# Harvest Tweet Corpus

## Overview

This notebook contains code to harvest Tweets that mention the following words and hashtags:

- `Bitcoin`
- `BTC`
- `#BTC`
- `#Bitcoin`

We'll use the [Twitter API for Academic Research][] for bulk access to Tweets, with the goal of building a corpus that spans eight years of Twitter history.

## Docs and other resources

- [Twitter API for Academic Research][] - overview of Academic-level access
- [Twitter Search API docs][] - Provides "premium"-level access for academic researchers to the *Full Archive Search*, which allows you to gather Tweets as far back as 2006.
- [Twitter Full Archive Search python example][]

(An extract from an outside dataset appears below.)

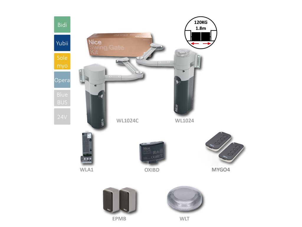 Sada pro dvoukřídlou bránu do 1,8 m / křídlo, 1x WL1024, 1x 1024C (24V, 120W, 100 nm), 1x WLA1, 2x MYGO4, 1x OXIBD, 1 pár EPMB, 1x WLT Vlastnosti: Nereverzní elektromechanický motor 24 Vdc s kloubovým ramenem: Zajišťuje plynulý a tichý chod branky. Ultra tenký design: Vhodný pro úzké sloupky s šířkou pouhých 8 cm. Bezpečná provoz: Nereverzní motor a rameno proti přiskřípnutí chrání před zraněním. Praktická montáž: Kloubové rameno umožňuje montáž i v náročných podmínkách. Rychlé otevírání a zavírání: Brána se otevírá nebo zavírá za pouhých 7 sekund (v optimálních podmínkách). Pohodlné ovládání: Zabudovaný LED maják osvětluje prostor a umožňuje manuální odblokování motoru. Nepřetržitá provoz: Volitelná nouzová baterie (PS424) zajistí fungování i při výpadku proudu. Inteligentní řídící jednotka: Nabízí široké možnosti programování a diagnostiky. Kompatibilita: Systém je kompatibilní s různými typy dálkových ovladačů a bezpečnostních zařízení. Výhody: Jednoduchá instalace a údržba Tichý a plynulý chod Vysoká úroveň bezpečnosti Široké možnosti programování Kompatibilita s různými příslušenstvím OXIBD je rádiový přijímač s obousměrnou komunikací, který je kompatibilní s různými typy dálkových ovladačů. Vlastnosti: Kompatibilita: Podporuje jednosměrné kódování O-Code, Flo, Flor, TTS a Smilo a obousměrné kódování BD. Pokročilé funkce: Umožňuje využití pokročilých funkcí systému NICE OPERA, zejména s kódováním O-Code a BD. Obousměrná komunikace: Poskytuje zpětnou vazbu o stavu brány (zavřená, otevřená, částečně otevřená). Signalizace LED diodou: Různé barvy LED diody indikují stav brány. Možnost opakování signálu: Funguje jako opakovač mezi přijímači (max. 10). Vysoká kapacita: Umožňuje naprogramovat až 750 obousměrných nebo 1024 standardních dálkových ovladačů. Výhody: Kompatibilita s různými typy dálkových ovladačů Možnost využití pokročilých funkcí Obousměrná komunikace pro zpětnou vazbu o stavu brány Jednoduchá instalace a programování Vysoká kapacita pro naprogramování více dálkových ovladačůDoplňkové parametry

[Twitter API for Academic Research]: https://developer.twitter.com/en/products/twitter-api/academic-research

[Twitter Search API docs]: https://developer.twitter.com/en/docs/twitter-api/premium/search-api/overview

[Twitter Full Archive Search python example]: https://github.com/twitterdev/Twitter-API-v2-sample-code/blob/main/Full-Archive-Search/full-archive-search.py


## Twitter Full Archive search

Below is a sample code based on the `Twitter Full Archive Search python example` (*see above for link to original code example*).

### Preliminary steps

The below code will only work if you use the standard `pipenv` workflow:

```
cd cryptocurrency1/
pipenv run jupyter lab
```

The above starts Jupyter Lab in the context of a virtual environment, which in turn makes the `TWITTER_BEARER_TOKEN` available to your code as an environment variable.

If you followed that procedure, the below code should work.

### Demo Twitter Full Archive search

The below code demonstrates how to use Twitter Full Search to gather recent mentions of `bitcoin` or `#btc`. 

You'll need to update this code to include all the keywords/hashtags that you're targeting. Along the way, you should explore whether keyword and hashtag searches are case sensitive and if so, account for that. It doesn't appear to be case sensitive, but I would verify that...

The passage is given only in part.